◆ WORK ORDER ◆
The lines below from the one with "В торжественной обстановке" up to and including the one with "In onze kleine" are what you should set down, exactly and without pictures.

◆ DATA TO PROCESS ◆
_ _ _ _

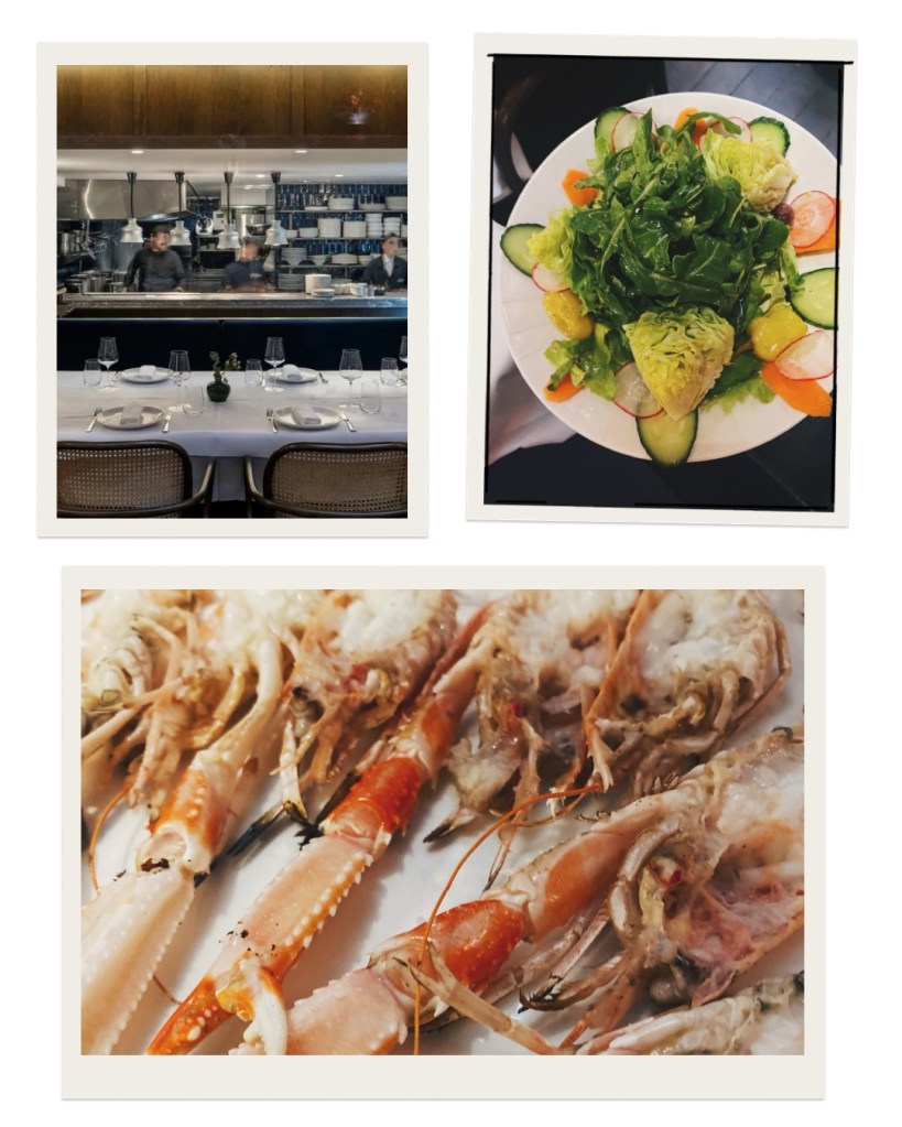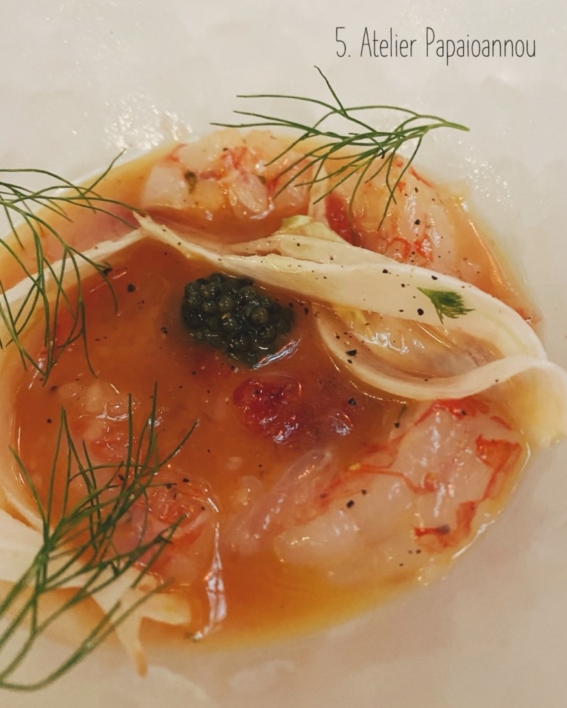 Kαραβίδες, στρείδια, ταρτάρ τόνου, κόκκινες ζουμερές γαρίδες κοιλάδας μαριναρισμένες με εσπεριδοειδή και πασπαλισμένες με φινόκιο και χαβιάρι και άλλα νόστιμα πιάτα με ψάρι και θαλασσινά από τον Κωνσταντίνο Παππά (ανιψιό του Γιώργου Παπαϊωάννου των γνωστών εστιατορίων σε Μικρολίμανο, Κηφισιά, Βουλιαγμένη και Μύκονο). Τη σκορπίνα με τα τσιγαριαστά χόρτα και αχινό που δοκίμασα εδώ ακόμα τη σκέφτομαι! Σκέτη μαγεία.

_ _ _ _

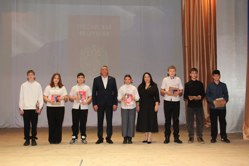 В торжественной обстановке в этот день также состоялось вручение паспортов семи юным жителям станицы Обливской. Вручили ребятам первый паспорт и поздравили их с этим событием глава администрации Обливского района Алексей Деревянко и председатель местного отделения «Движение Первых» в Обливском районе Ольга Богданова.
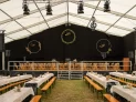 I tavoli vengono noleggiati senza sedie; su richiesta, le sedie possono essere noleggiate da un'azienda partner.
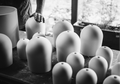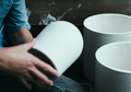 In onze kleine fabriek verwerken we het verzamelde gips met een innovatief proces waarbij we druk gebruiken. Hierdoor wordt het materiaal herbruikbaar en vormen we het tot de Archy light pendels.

_ _ _ _

◆ OUTPUT OF THE TASK ◆
 В торжественной обстановке в этот день также состоялось вручение паспортов семи юным жителям станицы Обливской. Вручили ребятам первый паспорт и поздравили их с этим событием глава администрации Обливского района Алексей Деревянко и председатель местного отделения «Движение Первых» в Обливском районе Ольга Богданова.
 I tavoli vengono noleggiati senza sedie; su richiesta, le sedie possono essere noleggiate da un'azienda partner.
 In onze kleine fabriek verwerken we het verzamelde gips met een innovatief proces waarbij we druk gebruiken. Hierdoor wordt het materiaal herbruikbaar en vormen we het tot de Archy light pendels.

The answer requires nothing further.